There were only thirty-two members of the original class left now, mostly
because of injury or illness sustained during Hell Week. But they’d been joined
by others, rollbacks from other classes who’d been permitted another go.
This applied to me, because I had been on an enforced break when I had my
broken femur. And so when I rejoined for phase two, I was in Class 228. We
began in the diving phase, conducted in the water, mostly under it. We learned
how to use scuba tanks, how to dump them and get ’em back on again, how to
swap them over with a buddy without coming to the surface. This is difficult, but
we had to master it before we could take the major pool competency test.

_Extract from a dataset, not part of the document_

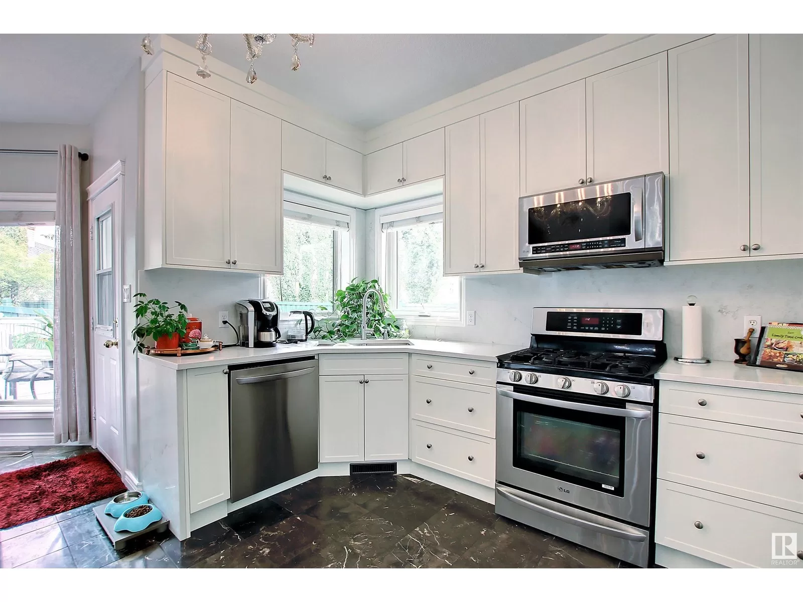 Nestled in the desirable community of Haddow just a couple of blocks away from the River and Park area this absolutely stunning recently upgraded 4+1 bedroom + den custom built 2 story home shows like a dream! As you enter this home you are greeted by soaring ceilings and natural light! Excellent layout-great for entertaining! Stunning brand new white kitchen with marble quartz countertops and stylish backsplash. The lovely nook overlooks the beautiful back yard. Gas fireplace w/ new custom built wall unit in the family room. Main floor office/den & shower. 4 bedrooms & loft space upstairs. Huge master bedroom w/5 pce ensuite and walk-in closet. Updated bathrooms with new white cabinets and quartz marble countertops. Fresh paint and impressive wainscoting detail. Fully finished basement with bedroom, entertainment room, wet bar, bathroom, laundry, and utility room. Furnace & HWT replaced in 2012. Close to the A. Henday & Terwillegar Rec centre. Pride of ownership is evident throughout! (id:27476)

I failed my pool competency, like a whole lot of others. This test is a royal
bastard. You swim down to the bottom of the pool with twin eighty-pound scuba
tanks on your back, a couple of instructors harassing you. You are not allowed to
put a foot down and kick to the surface. If you do, you’ve failed, and that’s the
end of it.
First thing these guys do is rip off your mask, then your mouthpiece, and you
have to hold your breath real quick. You fight to get the mouthpiece back in,
then they unhook your airline intake, and you have to get that back in real fast,
groping around over your shoulder, behind your back.